And it’s not just Google. And the mergers that were waved through were waved through even when the firms in question explicitly said they were for anti-competitive purposes. So Mark Zuckerberg is a guy who’s never had a bad idea he didn’t put in writing, and this should nominally make it very easy to stop him from doing bad things.
Because this is a guy who’s got a folder on his desktop called "Mens Rea." When he was buying Instagram, his CFO sent him a memo and said, “Mark, why are we spending a billion dollars on a company with 12 employees?” And he said, “Well, I think you’ll find that people like Instagram better than Facebook. They leave Facebook, they go to Instagram, and they don’t come back. We should buy Instagram so that we can recapture those users.” This is a guy who also periodically and frequently put into writing his motto, It is better to buy than to compete.
So this goes in front of the Obama DOJ, and they’re like, We see nothing wrong with this. So this is like if he’d sent him an email that said, Bob, you know that guy we’re going to kill? For the record, I want you to know this is a murder. And as I type these words, I am premeditating it. And if you cannot stop a merger on that basis, you cannot stop any mergers. And so no one came down from a mount with two stone tablets and said, We’re going to let these companies buy each other.
Skopic
You mentioned that it’s a long-standing problem. It’s a bipartisan problem.
And you mentioned in your book that as you were writing it, Trump got elected for his second term and reshuffled a lot of things with antitrust policy, getting rid of [former Federal Trade Commission leader] Lina Khan. And then, of course, all the tech billionaires were there at his inauguration. You had Zuckerberg and his crew just lined up. So how much worse has it gotten since you wrote the book and since Trump came back?
Doctorow
It’s gotten much worse in America, I’ll tell you that much. So I predicted at the time, and I think I was right, that he would practice what I call boss politics antitrust.

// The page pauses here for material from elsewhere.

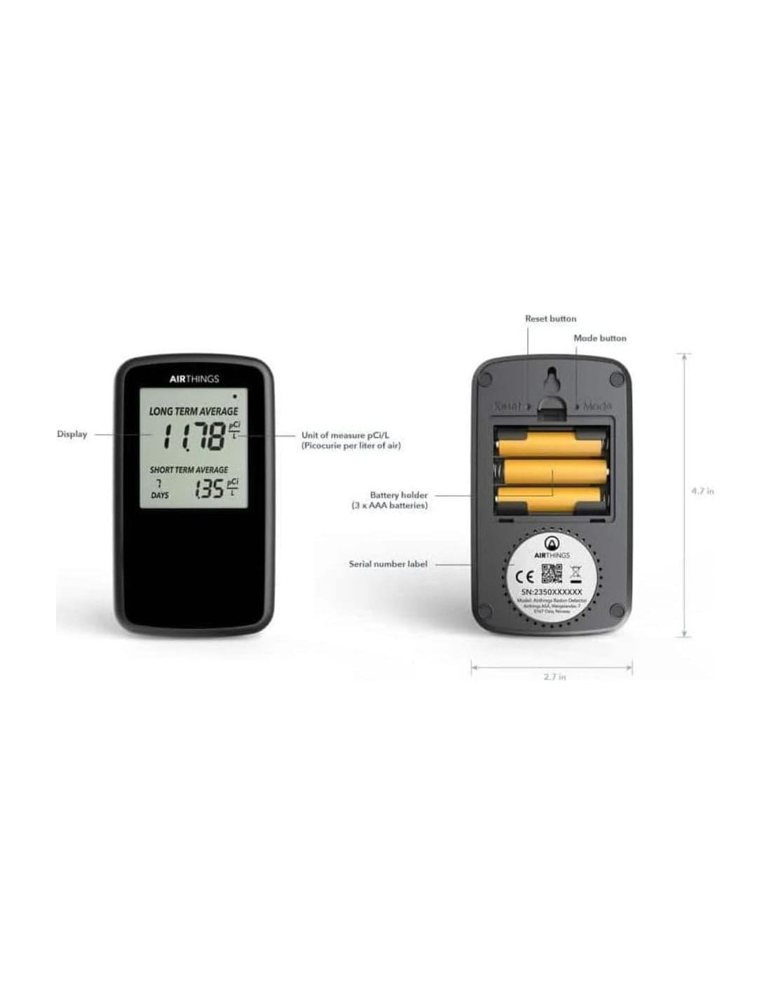RESULTADOS RÁPIDOS: recibe tu primera medición de radón en 24 horas, más precisa después de 7 días. MONITOREO CONTINUO Y A LARGO PLAZO: Monitorea el gas radón causante de cáncer. El monitoreo a largo plazo es necesario ya que los niveles de radón fluctúan diariamente. PRECISO: a diferencia de una prueba de carbón, nuestros detectores no se ven afectados por interferencias electromagnéticas y polvo, funcionan de manera óptima en humedad inferior al 85%, y pueden ser reiniciados y reutilizados infinitamente. SIN COSTOS DE LABORATORIO: Debido a que este monitor está monitoreando continuamente accesible en tiempo real, nunca pagarás un costo de laboratorio para acceder a los datos de tus niveles de radón. TECNOLOGÍA AVANZADA: la arquitectura interna del detector digital de radón Airthings proviene de tecnología avanzada normalmente reservada para detectores de tipo comercial. FÁCIL DE ENTENDER: la pantalla LCD muestra las concentraciones promedio diarias, semanales y a largo plazo. BAJO MANTENIMIENTO: 3 baterías AAA te proporcionarán aproximadamente 2 años de tranquilidad. PRIMERO EN SU CLASE: El primer detector de radón digital operado por batería. Monitorea tu hogar sin necesidad de un enchufe. DÓNDE DEBES MEDIR: El radón es un gas que ocurre de forma natural y se emite del suelo. Mide el piso más bajo de tu hogar para conocer tu riesgo.

So I don’t think Biden became an anti-corporate guy in 2020 after a lifetime in service of corporations, but I do think that the party had a faction—the Sanders-Warren wing—that was powerful enough that [Biden] had to give these appointments to good people in the competition brief. And what they did was they took a list of all the corporations in America that had violated antitrust law, which is pretty much all of them, and they sorted it by which companies were doing the worst things to Americans. And they started at the top.
Trump did the same thing, except he sorted it by the people who made him angriest, and they started at the top, and he has been a remarkably cheap date. So when he took office, Juniper and Cisco had proposed a $14 billion merger. That’s effectively all the industrial Wi-Fi access points, all the industrial networking stuff. So if you’re in an institutional building and you look at the ceiling, you’ll probably see a beige disk that’s doing your Wi-Fi; it’s probably either a Cisco or Juniper gadget.
So his Department of Justice challenged this merger, and they hired a MAGA podcaster influencer for a million bucks. That guy started hanging around the fifth floor of the DOJ building like a bad smell—that’s where the antitrust division is—just grabbing people on their way out of their offices and shouting at them about trying to stop this merger. Meanwhile, Laura Loomer took to Twitter, started @ing Trump, and condemned the number two and number three persons of the DOJ antitrust division. She managed to get them both fired. The merger went ahead; a million bucks to greenlight a $14 billion merger is a steal.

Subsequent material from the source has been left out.